= La Belle Station =

Pastoral lease in the Northern Territory

La Belle Station, also known as Labelle Downs, is a pastoral lease that operates as a cattle station in the Northern Territory of Australia.

The property is situated approximately 59 km west of Batchelor and 85 km south of Darwin. La Belle shares its eastern boundary with Litchfield National Park, Litchfield Station is to the south, the Delissaville-Wagait-Larrakia Aboriginal Land Trust is to the north, and the Timor Sea is to the west.

The property is composed of many land types. About one third is red dirt and sandy forest, of which about half has been cleared with some being converted to humidicola pasture. The remainder is highly productive marine floodplain covered in native wetland grasses such as hymenachne, rice grass, marine couch and cane grass, along with introduced grasses. Divided into 34 paddocks, it has an estimated carrying capacity of 14,000 head of cattle.

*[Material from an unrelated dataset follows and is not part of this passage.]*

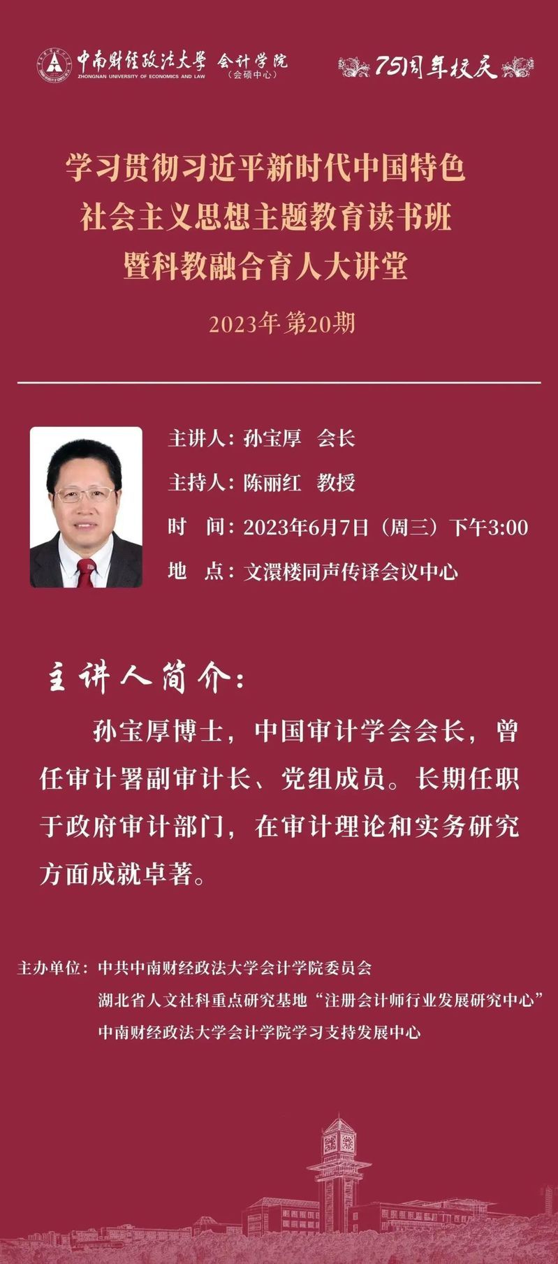 本次我们诚挚邀请中国审计学会会长作为主讲嘉宾,为我们带来第20期科教融合育人大讲堂。

Originally a part of neighbouring Stapleton Station, La Belle was taken up by the Townsend family in 1962. In 2001, the 610 km2 property was placed on the market by the Townsend family partnership. It was stocked with 10,500 head of Brahman cattle.

La Belle, along with Welltree Station, was sold by Peter Camm in 2008 for AUD72 million, during a land boom.

R. M. Williams Agricultural Holdings acquired the property, which it held until 2013 when the company went into receivership. Both La Belle and Welltree were then sold to the Australian Agricultural Company for AUD27.1 million.